An anchor’s capacity in Portsmouth chalk depends more on the flint distribution and fracture spacing than on the intact UCS of the core.
Process overview
Local context
A 14-storey residential project on Marketway faced a 9-metre deep excavation with only 4 metres to the neighbouring Victorian warehouse. Active ground anchors were the only viable restraint. We designed a row of 15-metre long strand anchors at 2-metre centres, inclined at 25° into the Newhaven Chalk. During the suitability test, one anchor crept 2.1 mm per log cycle—just above the BS 8081 threshold. The chalk had a localised solution feature filled with soft clay. We shifted the bond zone deeper and re-grouted under low pressure. Without that iterative testing, the load redistribution across the wall could have triggered differential movement in the adjacent footing. In Portsmouth’s variable chalk, a rigid design without field adjustment is a liability. Each anchor must be treated as a full-scale test.
Reference standards
BS 8081:2015 – Code of practice for grouted anchors, BS EN 1997-1:2004 – Eurocode 7: Geotechnical design, BS EN 1537:2013 – Execution of special geotechnical work: Ground anchors, CIRIA C760 – Guidance on embedded retaining wall design
Additional services
Active (prestressed) anchor design
Suitable for retaining walls and deep basements where movement must be controlled from the start. We specify the lock-off load, free length, and bond length based on a limit equilibrium analysis of the wall system. The stressing procedure follows BS EN 1537, with lift-off checks and lock-off recorded at each stage. We design for single and double corrosion protection depending on the service life, using strand or bar tendons.
Passive ground anchor systems
Used in slope stabilisation, rockfall nets, and uplift restraint where load is only mobilised by ground displacement. We design the fixed anchor length to transfer load through friction in the chalk or the gravelly layers of the River Terrace Deposits. The design integrates with the drainage regime—critical on Portsdown Hill where pore pressures fluctuate seasonally and can reduce effective bond stress.
Typical parameters
Quick answers
What is the difference between active and passive anchor design?
Active anchors are tensioned against the structure during installation, applying an immediate load to the wall or slab. They control movement from day one. Passive anchors only develop resistance once the ground moves and loads the tendon. In Portsmouth, we use active anchors for basement excavations near sensitive structures, and passive anchors for long-term slope stabilisation on the chalk escarpment.
How do you determine the bond length in Portsmouth chalk?

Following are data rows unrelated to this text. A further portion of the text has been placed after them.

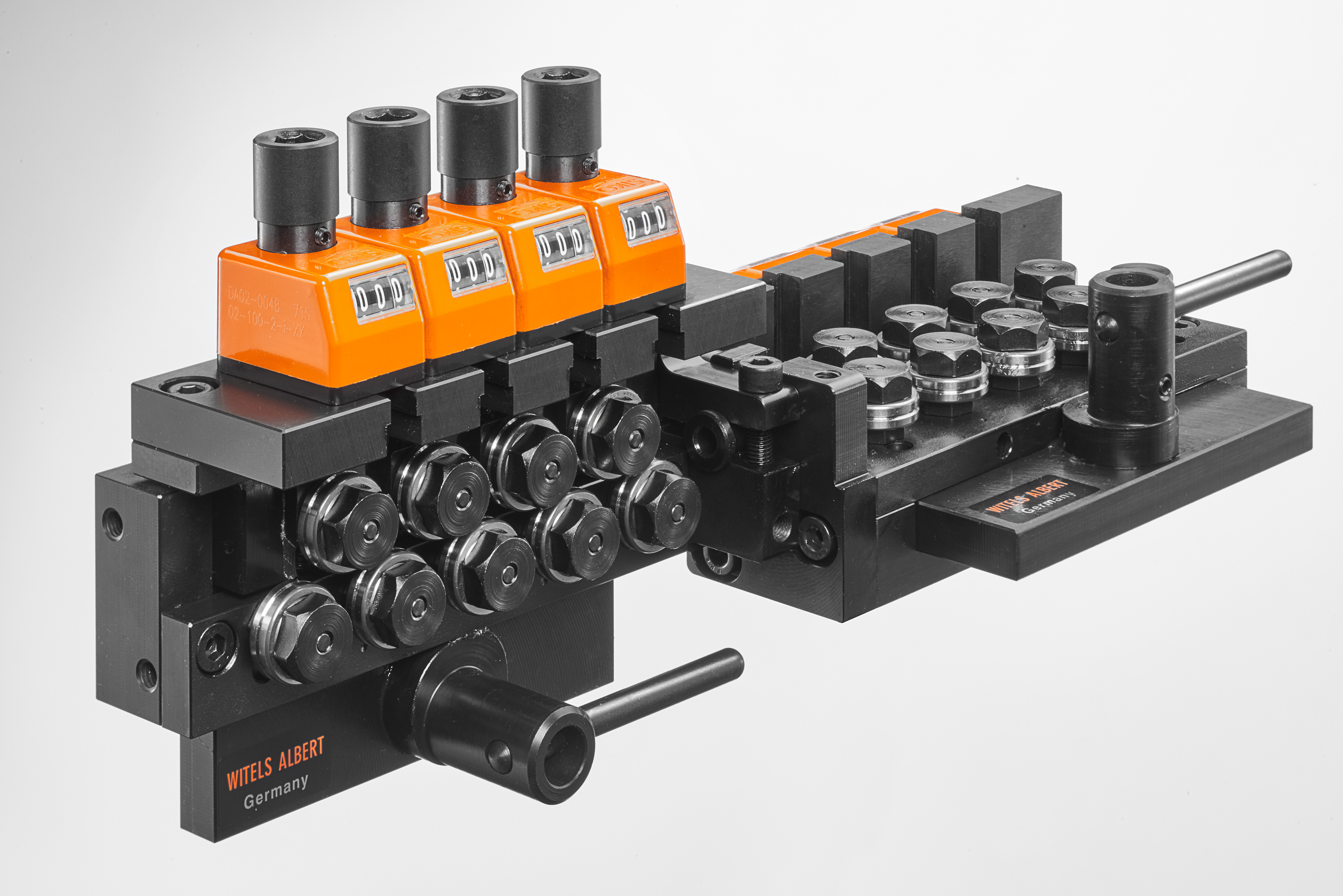 Les accessoires les plus vendus par WITELS-ALBERT pour les dresseurs ER sont les indicateurs mécaniques de position PO pour le réglage défini et reproductible des galets de dressage. Les indicateurs de position PO sont disponibles en différentes dimensions et peuvent être montés sur presque toutes les séries de dresseurs. Les nouveaux dresseurs ER 5-0.8 PO, ER 7-0.8 PO, ER 9-0.8 PO, ER 11-0.8 PO et ER 13-0.8 PO sont adaptées au travail de fils d'un diamètre de 0,5 mm à 0,8 mm.
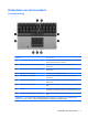 Onderdelen aan de voorkant Onderdeel Beschrijving (1) ● Turkoois: een geïntegreerd apparaat voor draadloze communicatie, zoals een draadloos-netwerkadapter, de HP module voor draadloos breedband en/of een Bluetoothapparaat, is ingeschakeld. ● Oranje: alle apparaten voor draadloze communicatie zijn uitgeschakeld. ● Aan: de computer is ingeschakeld. ● Knipperend: de computer staat in de slaapstand. ● Uit: de computer is uitgeschakeld of staat in de hibernationstand.
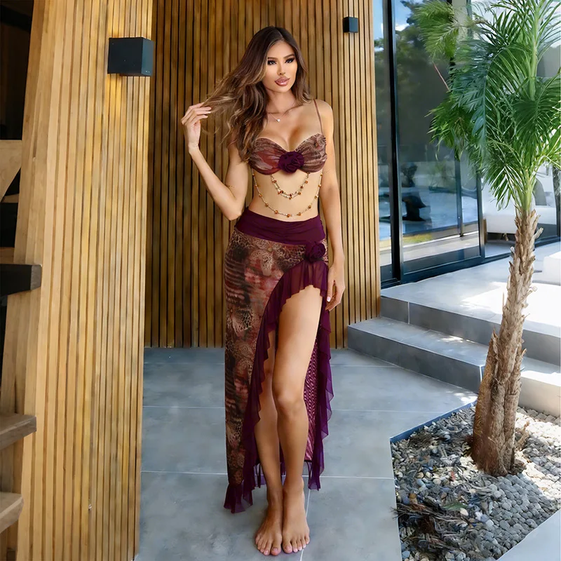 Отзывы о Комплект YUZHEXI: сексуальный топ-бюстгальтер с бисерной цепочкой и пляжное платье асимметричным подолом сетчатая пляжная одежда комплект из двух предметов для женщин
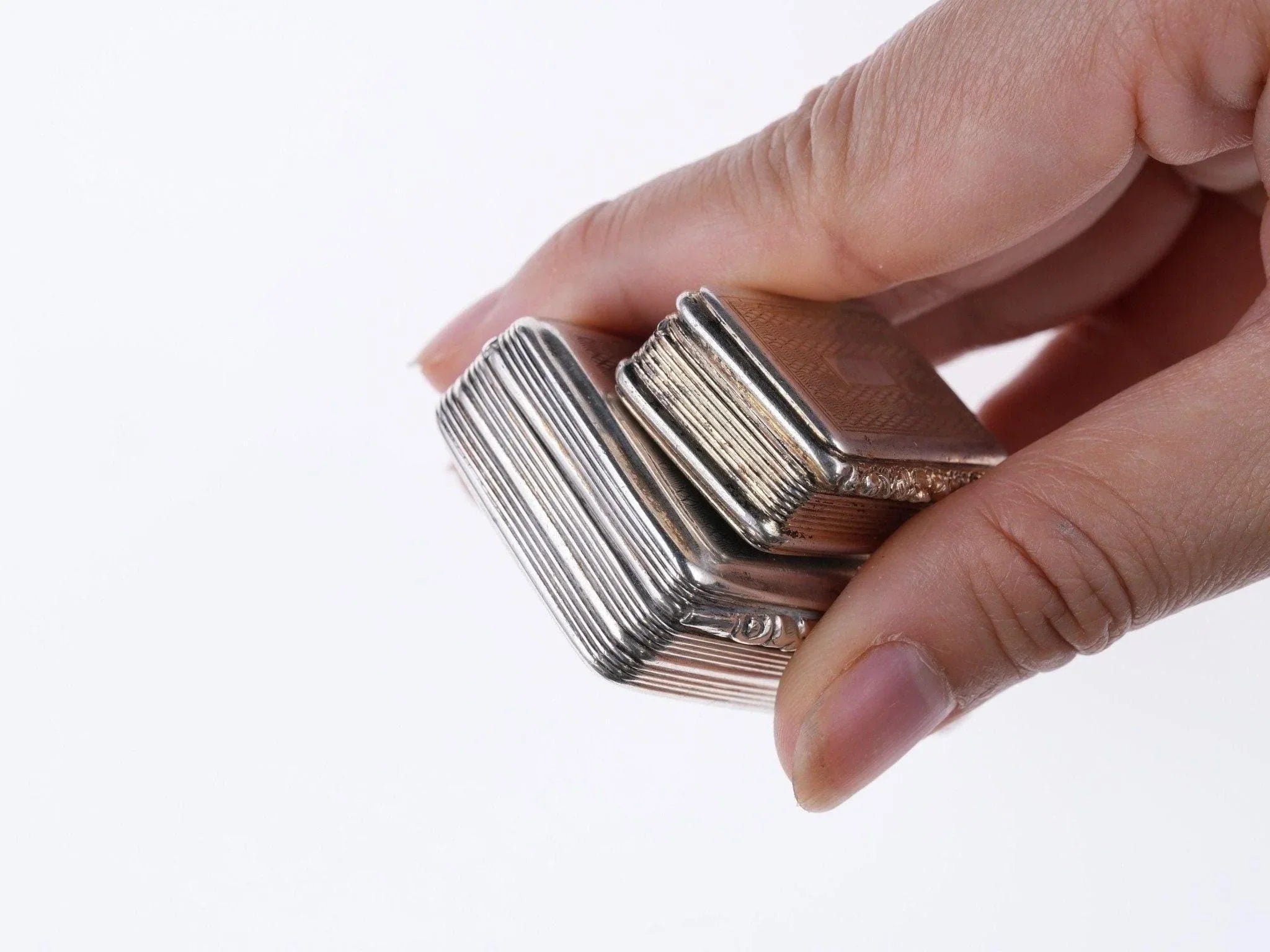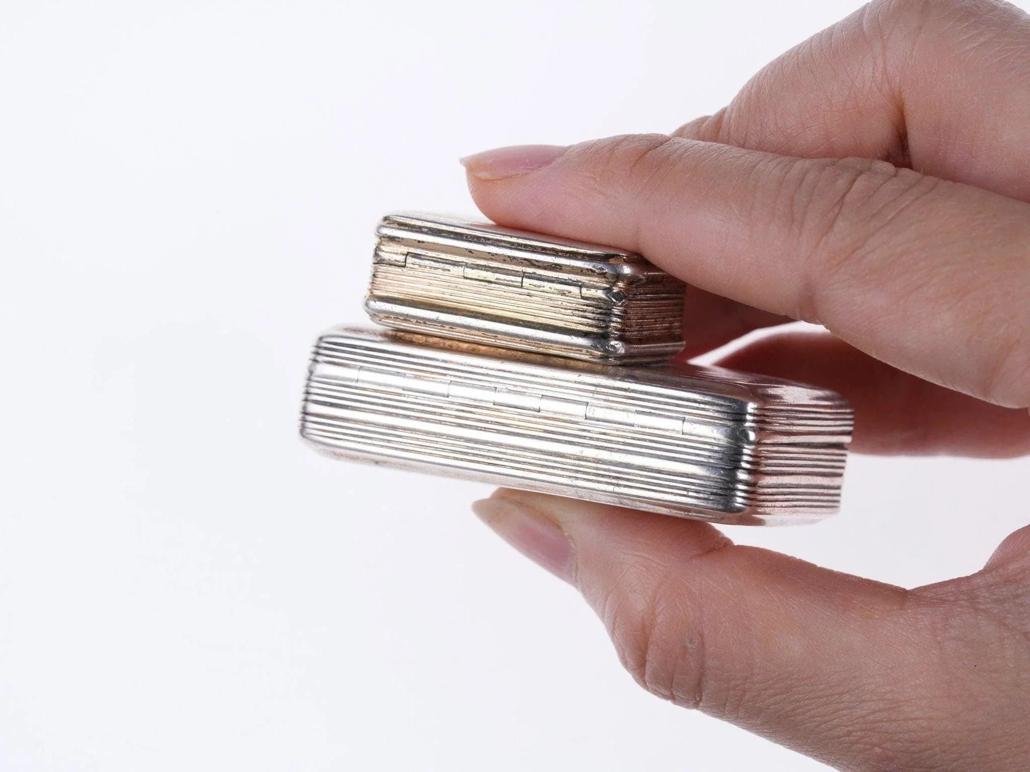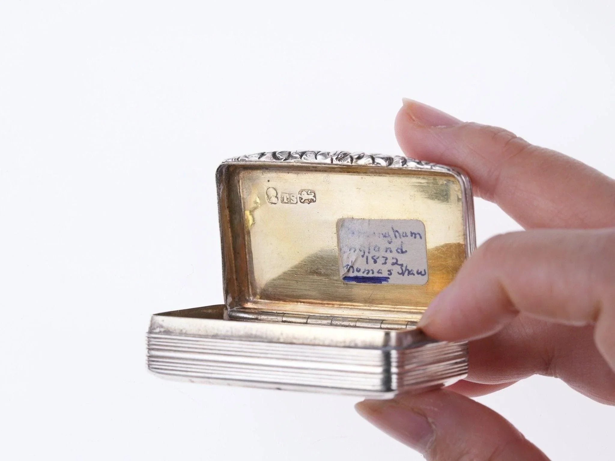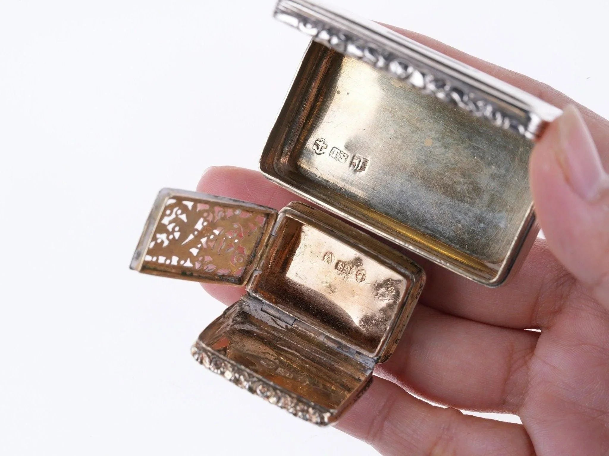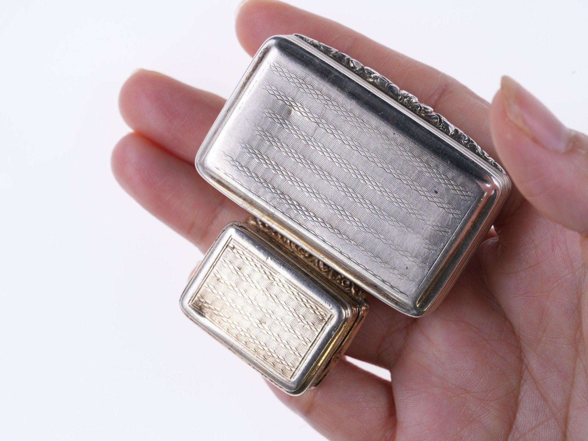 1832 年 Thomas Shaw 格鲁吉亚银鼻烟盒和油醋汁。最大的 2 1/8" x 1.25" x 0.5",油醋汁 1.25" x 7/8" x 0.4"。整体状况良好,铰链良好,闭合严密,有些人预计会有非常小的凹痕和整体磨损。两个都卖。

Bond length is calculated from the ultimate bond stress values in BS 8081:2015, adjusted for chalk grade and fracture spacing. We take site-specific values from pull-out tests on sacrificial anchors. A structured Grade II chalk might give 350 kPa ultimate bond, but a weathered Grade IV zone could drop to 150 kPa. The design bond length includes a factor of safety of 2.5 on the ultimate value.
Do you handle corrosion protection for permanent anchors?
Yes. Permanent anchors in Portsmouth’s saline harbour environment require double corrosion protection per BS 8081. This means a corrugated internal sheath, a cement grout column, and an external corrugated sheath with grout cover. We specify the type of protection based on the aggressivity assessment of the ground and groundwater, tested for chlorides and sulphates.
How much does anchor design and testing cost for a typical project?
A full anchor design package with suitability and acceptance testing typically ranges from £830 to £2,870, depending on the number of anchors and the complexity of the ground investigation. This covers the design report, test specifications, and on-site supervision of the first anchor installations.